Annotations and IC

GO3 parses GAF annotations and builds term-level statistics for IC-based similarity methods.

Functions

load_gaf(path)

  • Parses a GAF file and caches gene-to-GO mappings.

  • Returns a list of GAFAnnotation objects.

build_term_counter(annotations)

  • Builds a TermCounter from parsed annotations.

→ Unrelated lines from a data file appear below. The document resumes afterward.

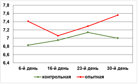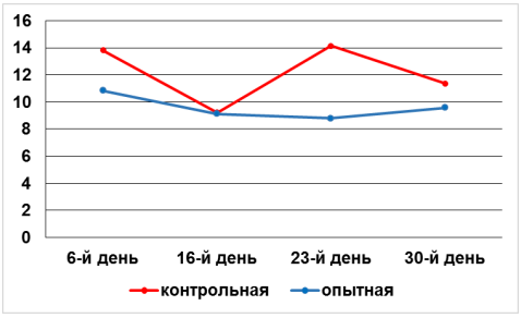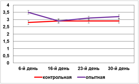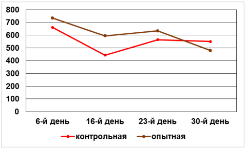 На 6-й день после хирургического вмешательства количество лейкоцитов в опытной группе было ниже на 28 %, на 16-й день – на 1 %, на 23-й день – на 61 %, на 30-й – на 19 % по сравнению с контрольной группой. При сравнении средних значений количества эритроцитов в течение эксперимента можно отметить повышение их количества в опытной группе на 6-й, 23-й и 30-й день опыта по сравнению с соответствующими показателями контрольной группы (рис. 6).
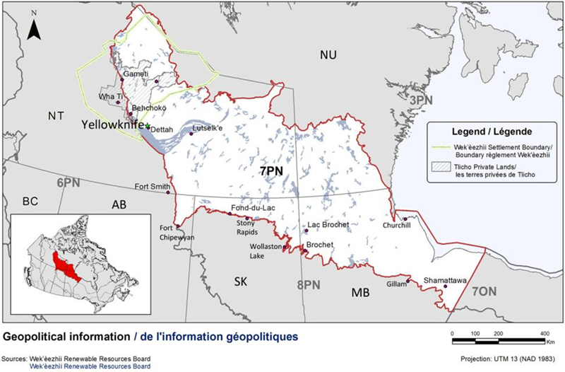 There are two bilingual legends for this map. The first is inset and says: “Legend/Légende, Wek'èezhii Settlement Boundary/Boundary règlement Wek'èezhii, Tlicho Private lands/les terres privées de Tlicho”. The second legend appears below the map and says: “Geopolitical information/de l'information géopolitiques. Sources: Wek'èezhii Renewable Resources Board, Wek'èezhii Renewable Resources Board”
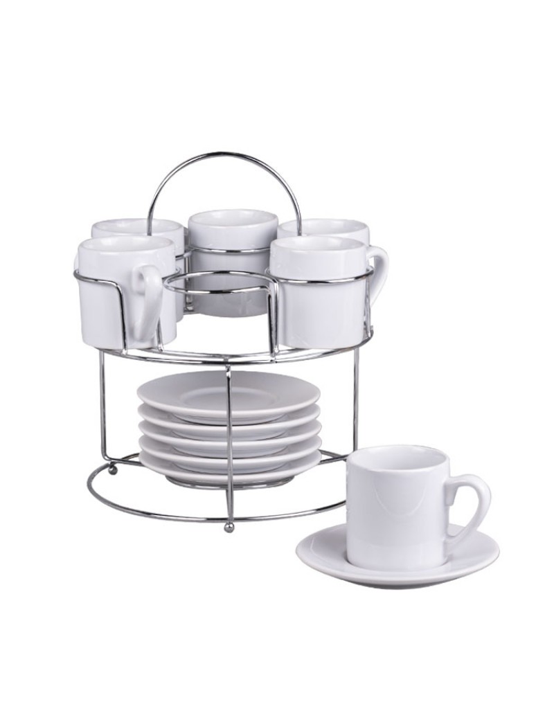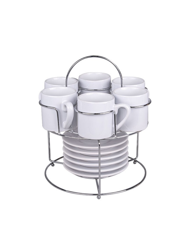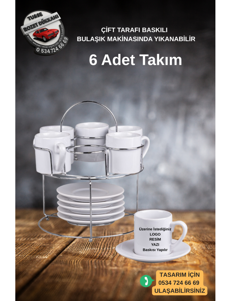 Şıklığı ve fonksiyonelliği bir arada sunan Papatya Standlı Türk Kahve Fincan Takımı, 6 parçadan oluşan beyaz porselen fincan ve papatya desenli salkım standıyla gelir. Üzerine resim, yazı veya logo baskısı yaparak tamamen kişiye özel hale getirebilirsiniz.
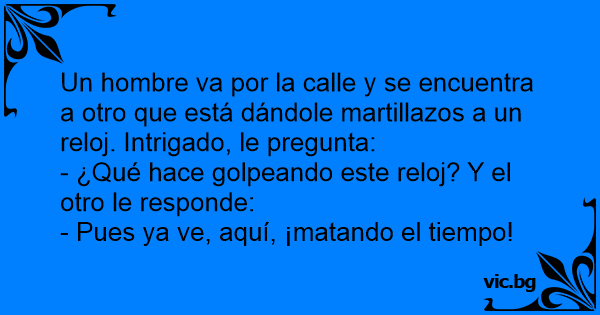 Un hombre va por la calle y se encuentra a otro que está dándole martillazos a un reloj. Intrigado, le pregunta:
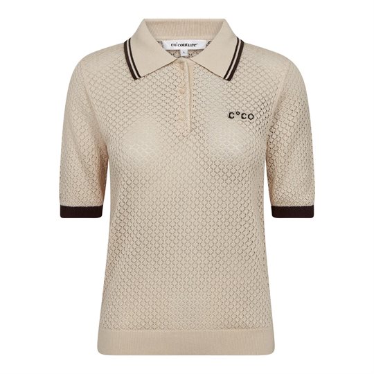 Simpelthen så fin og feminin taljelang polobluse fra Co' Couture i et hæklet look i beige med mørkebrune detaljer. Lue Pointelle Polo Knit er med krave med kontraststriber, har knaplukning foroven og korte ærmer med brun ribkant. Blusen har desuden lille fine broderet Coco logo fortil og ribkant forneden. Kvaliteten er i en lækker blød viskose.
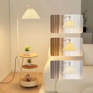 Nordic Curved Floor Lamp,Standing lamp With 3-Layer Side Table and Storage Drawer, Multi-functional Living Room and Bedroom Desk Lamp, Suitable for Reading and Decoration
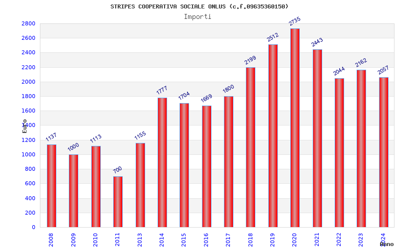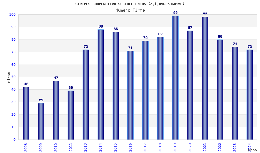 | Anno | Firme | Importi | Media | Naz. | Reg. | Prov. | Comu. |
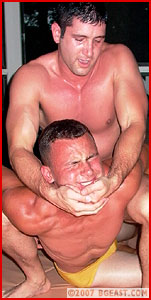 Jim Montello is a sexy young stud who, frankly, no one expected to see again. After all, his debut match was also in the gazebo but against one very mean Mikey Vee, the kind of mismatch the crowds in the Roman Coliseum used to love to watch. But despite the brutality of the cruel beat down that Vee put on the youngster, the kid earned a lot of respect around the company, never more so than when the young stud asked for another match! Even The Boss, not known for his softer side (or for even HAVING one), was so impressed that, rather than doing what he would usually (and instinctively) do and toss the youngster to a lion like the Bodywrecker, Aryx, Vicious or Cole, decided to see what the kid was made of and put him back in the gazebo against Tony Cosenti!
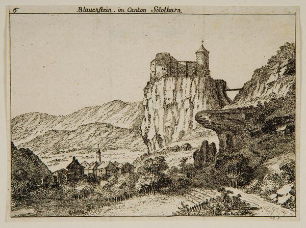 Editor: Here we have Johann Heinrich Meyer's "Rhäzüns," a detailed landscape piece. The stark contrast and precise lines are striking. How do you interpret the composition of this work? Curator: The composition reveals a clear hierarchy. Note how the artist uses linear perspective to guide the eye from the foreground figures, to the elevated village and culminating with the dominant mountain. Consider the strategic placement of the village. Editor: You're right, the village seems almost nestled under the mountain's protection. I hadn’t noticed that before! Curator: Precisely. The artist creates a dialogue between human settlement and natural grandeur. Observe the quality of line. What does that suggest to you? Editor: The crispness of the lines does give it a documentary feel, but also a sense of the sublime. Thank you, I learned a lot! Curator: Indeed, a confluence of observation and aesthetic sensibility. My pleasure.

  • Computes counts and Information Content (IC) by namespace.

Filtering rules in load_gaf

During parsing, GO3 applies key biological filters:

  • skips annotations with evidence code ND

  • skips annotations with qualifier containing NOT

  • handles obsolete GO terms:

    • uses replaced_by when available

    • otherwise uses first consider target when available

    • otherwise discards that annotation

These rules affect both downstream scores and benchmark comparability.

Example

import go3

go3.load_go_terms("go-basic.obo")
annotations = go3.load_gaf("goa_human.gaf")
counter = go3.build_term_counter(annotations)

print("Annotations:", len(annotations))
print("IC terms:", len(counter.ic))

Inspecting structures

ann = annotations[0]
print(ann.db_object_id, ann.go_term, ann.evidence)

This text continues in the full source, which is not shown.